Word for word, copy the records and drop the pictures.

*** DATA SUPPLIED

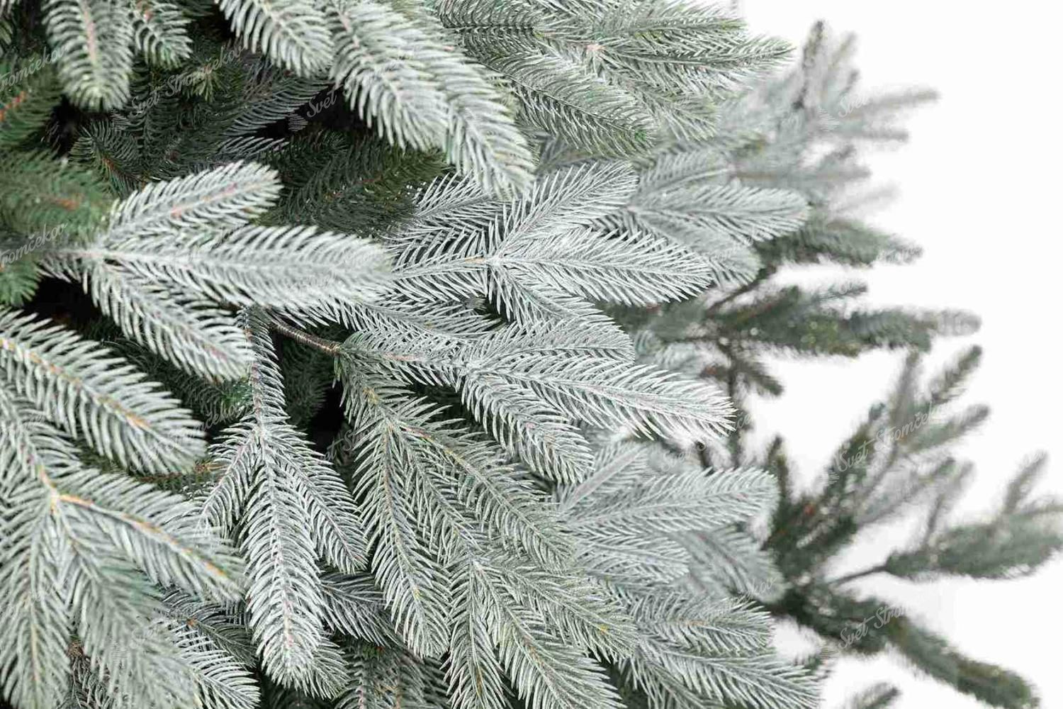 Edinstven dvobarvni učinek iglic – temno zelene v notranjosti drevesa in srebrne na koncih vejic – ustvarja očarljiv kontrast, ki spominja na nežno zasnežene vejice. Ta podrobnost daje drevesu eleganten in svež zimski videz.
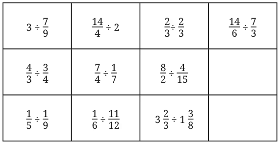 • 3 ÷ 7/9 = 3 × 9/7 = 27/7 = 3⁶/₇.
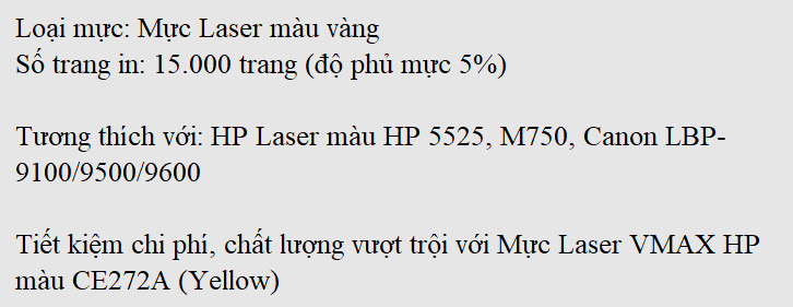Mực Laser VMAX HP màu CE272A (Yellow) là giải pháp hoàn hảo cho các dòng mã máy in sau: HP Laser màu HP 5525 và Canon LBP-9100/9500/9600 nhờ khả năng vận hành mang lại hiệu suất cao, sự kết hợp tương thích với máy in ưu việt giúp máy tránh các vấn đề hư hỏng và sử dụng bền lâu. Hơn nữa, chất lượng bản in sắc nét với số lượng bản in lớn giúp tiết kiệm chi phí in ấn hiệu quả.
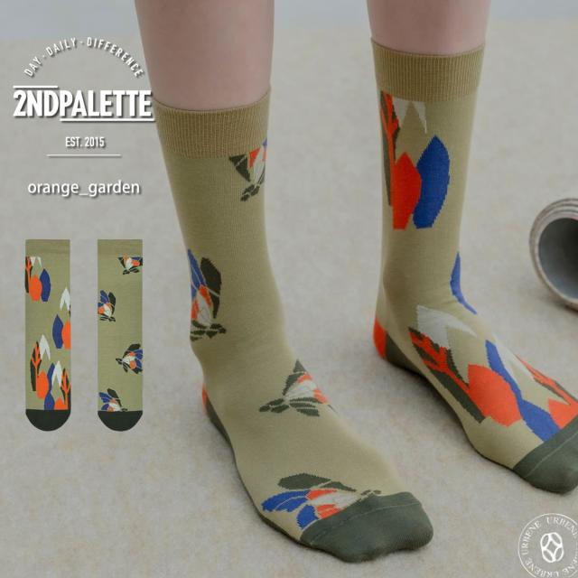 オレンジガーデンは、自然の庭園を思わせる有機的な色彩と、遊び心あふれるデザインが魅力のレディースソックスで、日常のコーディネートにさりげない個性と華やぎを添えてくれる一足です。
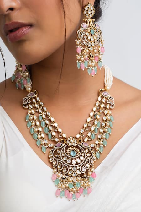 Multi color necklace featuring antique gold plated floral carved pendant with stone embellishments and beaded drops. Paired with matching earrings that complement the necklace design.
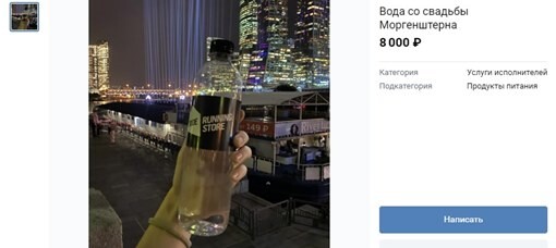 В сервисе «Объявления» социальной сети VK было опубликованопредложение по продаже бутылки воды со свадьбы исполнителяМоргенштерна, которая состоялась 31 августа. На прикрепленной к объявлениюфотографии видно, что бутылка наполовину пустая, а в комментариях продавецнаписала: «Не целая! Вода с коробок свадьбы Моргенштерна». Цена за товарсоставляет 8000 руб.
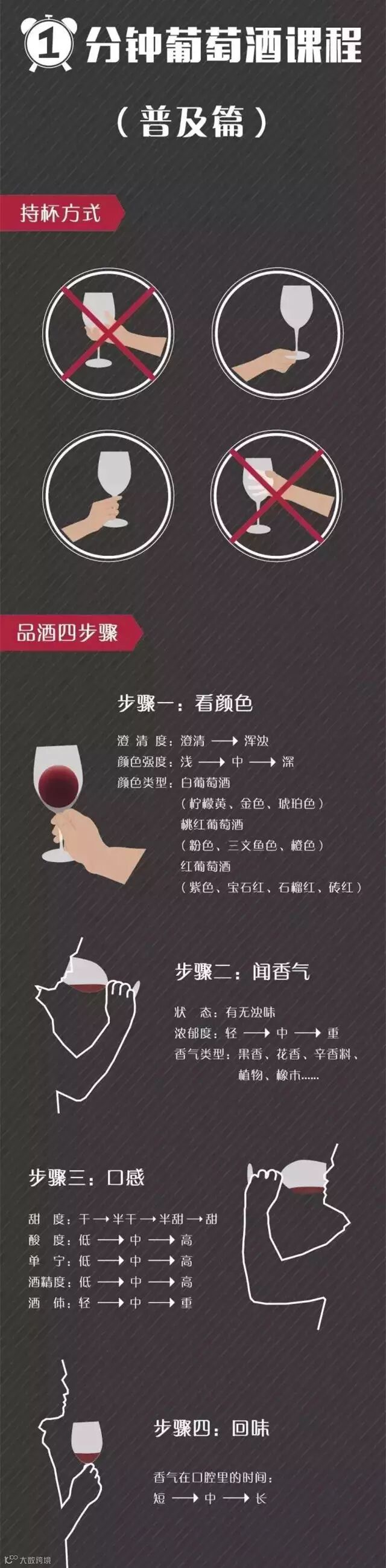 喝葡萄酒可不只是简单的倒在杯子里,然后一饮而尽,它不仅需要讲究喝酒的步骤,还讲究喝酒的姿势,并且这些讲究可不只是“穷讲究”,因为这些喝的方法会极大地影响到葡萄酒的口感,想要喝到最美妙的口感,那么你就需要掌握这些喝酒的姿势。
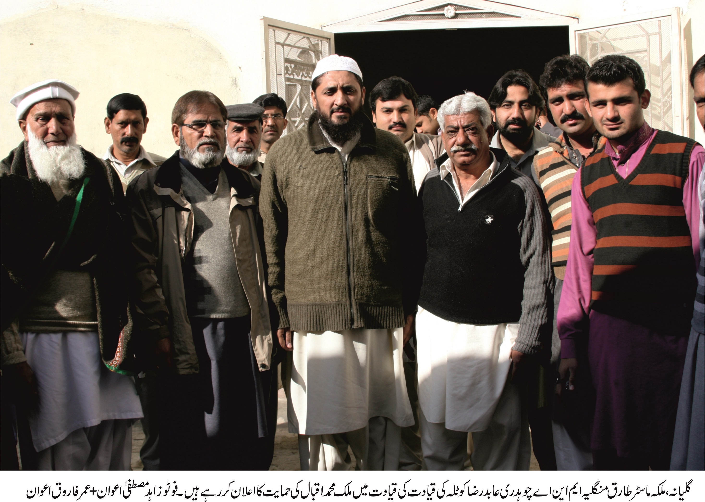 ملک محمد اقبال اعوان نے کہا کہ پاکستان مسلم لیگ ن ہی عوام کو مسائل سے نجات دلائے گی ۔ہم انشاء اللہ منتخب ہو کر یونین کونسل ملکہ کے عوام کی خدمت کریں گے۔ اس موقع پر ملک افتخار احمد اعوان۔ صوبیدار طالب حسین۔ ملک اشفاق بٹر اعوان۔ حافظ ذکاء اللہ۔ مولوی ملک محمد یونس اعوان۔ ملک غلام حیدر ۔زاہد مصطفی اعوان۔ حسن ضیاء اعوان۔ عمر فاروق اعوان۔ملک افضال احمد خاں۔ ملک محسن ضیاء اعوان۔ احسن ضیاء اعوان۔ چوہدری عنصر پلاوڑی اور دوسرے درجنوں افراد بھی موجود تھے۔
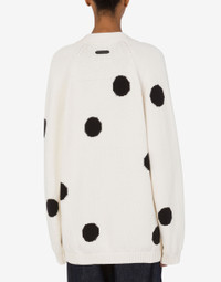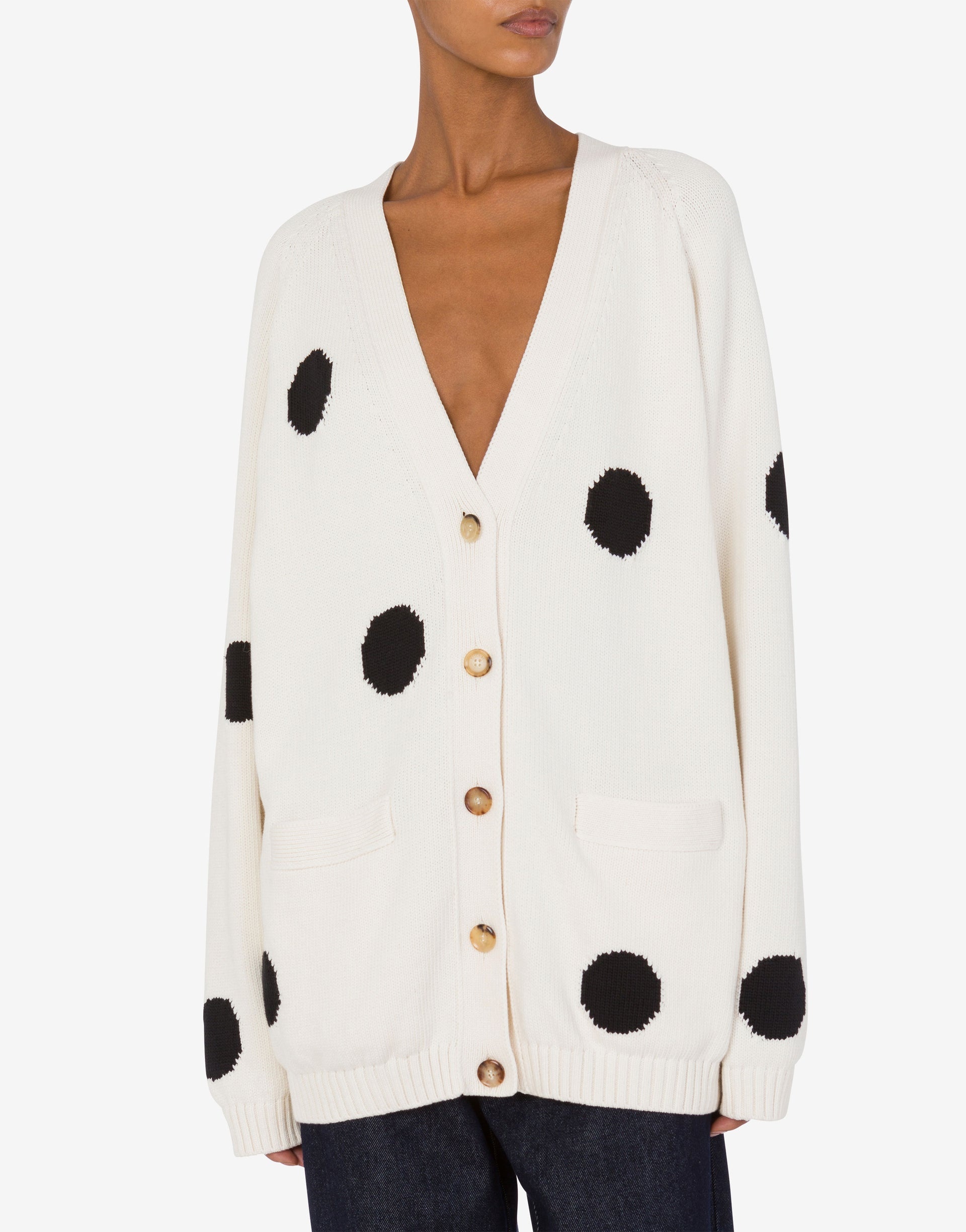 OVERSIZED ORGANIC COTTON BLEND CARDIGAN WITH CONTRASTING POLKA DOT INLAYS. PRODUCT DETAILS OVERSIZE FIT - V-NECKLINE - DROPPED SHOULDERS - TWO FRONT POCKETS - FRONT BUTTON CLOSURE FABRIC: 62% COTTON, 38% POLYAMIDE SKU: AEF251D J092004062003 FITTING & DIMENSIONS - MODEL HEIGHT: 180 CM - MODEL BUST: 80 CM - MODEL WAIST: 60 CM - MODEL HIPS: 89 CM - MODEL SIZE: 40
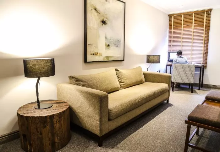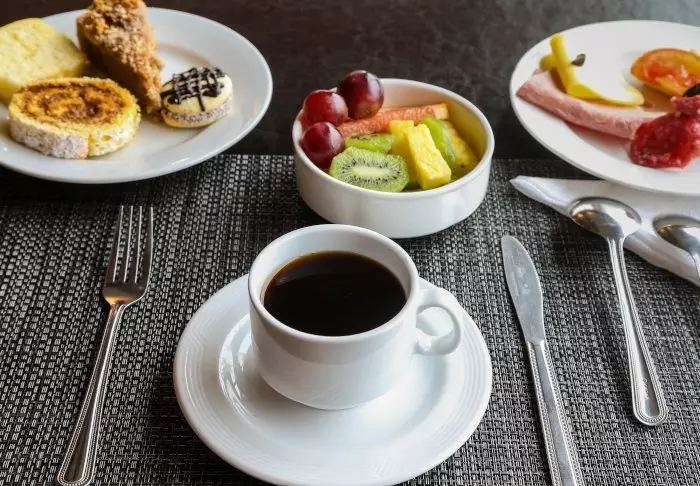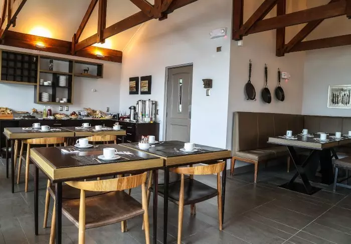 Pitkän päivän jälkeen on mukava rentoutua loungen pehmeissä nojatuoleissa, ja aamulla päivä lähtee hyvin käyntiin tukevalla buffet-aamiaisella.
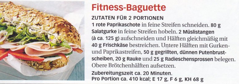 Das ist lecker - aber ich nehme statt Baguette lieber 2 Scheiben Vollkornbrot |
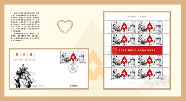 2020年5月11日,中國郵政集團有限公司發行了特11《眾志成城 抗擊疫情》郵票,通過“國家名片”講述了感人的中國抗疫故事,弘揚了偉大的中國精神,充分展現了在黨中央堅強領導下,舉國上下凝聚起眾志成城、抗擊疫情的強大力量。此次捐贈醫務工作者的定制郵折包含大版票、首日封,每個郵折都是唯一編碼,含有特制的個人抗疫紀念章,具有特殊紀念意義。
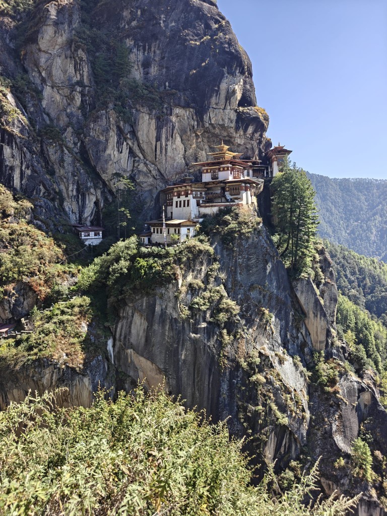 Vzpon zgodaj zjutraj. Pot se vije med molitvenimi zastavicami, konji čakajo pod klifom. Na višini 3.120 metrov, na robu pečine, visi Taksang Lhakhang, Tigrovo gnezdo. Legenda pravi, da je Guru Rinpoče priletel sem na hrbtu tigrice in med meditacijo premagal demone. Vsak korak navzgor je test volje in ponižnosti. Ko končno prispeš, srce bije, dih je kratek. Pred tabo – samostan, prilepljen na nebo. Pod tabo – prepad. V tistem trenutku ni več ne vere ne nevere – le občutek, da si majhen, a del nečesa večjega. Butan ima skrivnosti. Še ga bo treba raziskovati.
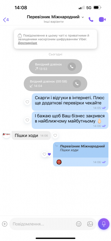 Але найкраще в цьому всьому це клієнтоорієнтованість перевізника - коли я звʼязалася по номеру телефону з представником компанії (по цьому номеру телефону +380 (95) 588 22 99 ) щодо організації подорожі та якості послуг на мене почали верещати на російські мові, і казати: што ти тут расказіваєш? Коли я попросила не верещати на мене, мені відповіли : «пошла на ****» і кинули трубку.

******

> **EXERCISE RESPONSE**
 Edinstven dvobarvni učinek iglic – temno zelene v notranjosti drevesa in srebrne na koncih vejic – ustvarja očarljiv kontrast, ki spominja na nežno zasnežene vejice. Ta podrobnost daje drevesu eleganten in svež zimski videz.
 • 3 ÷ 7/9 = 3 × 9/7 = 27/7 = 3⁶/₇.
Mực Laser VMAX HP màu CE272A (Yellow) là giải pháp hoàn hảo cho các dòng mã máy in sau: HP Laser màu HP 5525 và Canon LBP-9100/9500/9600 nhờ khả năng vận hành mang lại hiệu suất cao, sự kết hợp tương thích với máy in ưu việt giúp máy tránh các vấn đề hư hỏng và sử dụng bền lâu. Hơn nữa, chất lượng bản in sắc nét với số lượng bản in lớn giúp tiết kiệm chi phí in ấn hiệu quả.
 オレンジガーデンは、自然の庭園を思わせる有機的な色彩と、遊び心あふれるデザインが魅力のレディースソックスで、日常のコーディネートにさりげない個性と華やぎを添えてくれる一足です。
 Multi color necklace featuring antique gold plated floral carved pendant with stone embellishments and beaded drops. Paired with matching earrings that complement the necklace design.
 В сервисе «Объявления» социальной сети VK было опубликованопредложение по продаже бутылки воды со свадьбы исполнителяМоргенштерна, которая состоялась 31 августа. На прикрепленной к объявлениюфотографии видно, что бутылка наполовину пустая, а в комментариях продавецнаписала: «Не целая! Вода с коробок свадьбы Моргенштерна». Цена за товарсоставляет 8000 руб.
 喝葡萄酒可不只是简单的倒在杯子里,然后一饮而尽,它不仅需要讲究喝酒的步骤,还讲究喝酒的姿势,并且这些讲究可不只是“穷讲究”,因为这些喝的方法会极大地影响到葡萄酒的口感,想要喝到最美妙的口感,那么你就需要掌握这些喝酒的姿势。
 ملک محمد اقبال اعوان نے کہا کہ پاکستان مسلم لیگ ن ہی عوام کو مسائل سے نجات دلائے گی ۔ہم انشاء اللہ منتخب ہو کر یونین کونسل ملکہ کے عوام کی خدمت کریں گے۔ اس موقع پر ملک افتخار احمد اعوان۔ صوبیدار طالب حسین۔ ملک اشفاق بٹر اعوان۔ حافظ ذکاء اللہ۔ مولوی ملک محمد یونس اعوان۔ ملک غلام حیدر ۔زاہد مصطفی اعوان۔ حسن ضیاء اعوان۔ عمر فاروق اعوان۔ملک افضال احمد خاں۔ ملک محسن ضیاء اعوان۔ احسن ضیاء اعوان۔ چوہدری عنصر پلاوڑی اور دوسرے درجنوں افراد بھی موجود تھے۔
 OVERSIZED ORGANIC COTTON BLEND CARDIGAN WITH CONTRASTING POLKA DOT INLAYS. PRODUCT DETAILS OVERSIZE FIT - V-NECKLINE - DROPPED SHOULDERS - TWO FRONT POCKETS - FRONT BUTTON CLOSURE FABRIC: 62% COTTON, 38% POLYAMIDE SKU: AEF251D J092004062003 FITTING & DIMENSIONS - MODEL HEIGHT: 180 CM - MODEL BUST: 80 CM - MODEL WAIST: 60 CM - MODEL HIPS: 89 CM - MODEL SIZE: 40
 Pitkän päivän jälkeen on mukava rentoutua loungen pehmeissä nojatuoleissa, ja aamulla päivä lähtee hyvin käyntiin tukevalla buffet-aamiaisella.
 Das ist lecker - aber ich nehme statt Baguette lieber 2 Scheiben Vollkornbrot |
 2020年5月11日,中國郵政集團有限公司發行了特11《眾志成城 抗擊疫情》郵票,通過“國家名片”講述了感人的中國抗疫故事,弘揚了偉大的中國精神,充分展現了在黨中央堅強領導下,舉國上下凝聚起眾志成城、抗擊疫情的強大力量。此次捐贈醫務工作者的定制郵折包含大版票、首日封,每個郵折都是唯一編碼,含有特制的個人抗疫紀念章,具有特殊紀念意義。
 Vzpon zgodaj zjutraj. Pot se vije med molitvenimi zastavicami, konji čakajo pod klifom. Na višini 3.120 metrov, na robu pečine, visi Taksang Lhakhang, Tigrovo gnezdo. Legenda pravi, da je Guru Rinpoče priletel sem na hrbtu tigrice in med meditacijo premagal demone. Vsak korak navzgor je test volje in ponižnosti. Ko končno prispeš, srce bije, dih je kratek. Pred tabo – samostan, prilepljen na nebo. Pod tabo – prepad. V tistem trenutku ni več ne vere ne nevere – le občutek, da si majhen, a del nečesa večjega. Butan ima skrivnosti. Še ga bo treba raziskovati.
 Але найкраще в цьому всьому це клієнтоорієнтованість перевізника - коли я звʼязалася по номеру телефону з представником компанії (по цьому номеру телефону +380 (95) 588 22 99 ) щодо організації подорожі та якості послуг на мене почали верещати на російські мові, і казати: што ти тут расказіваєш? Коли я попросила не верещати на мене, мені відповіли : «пошла на ****» і кинули трубку.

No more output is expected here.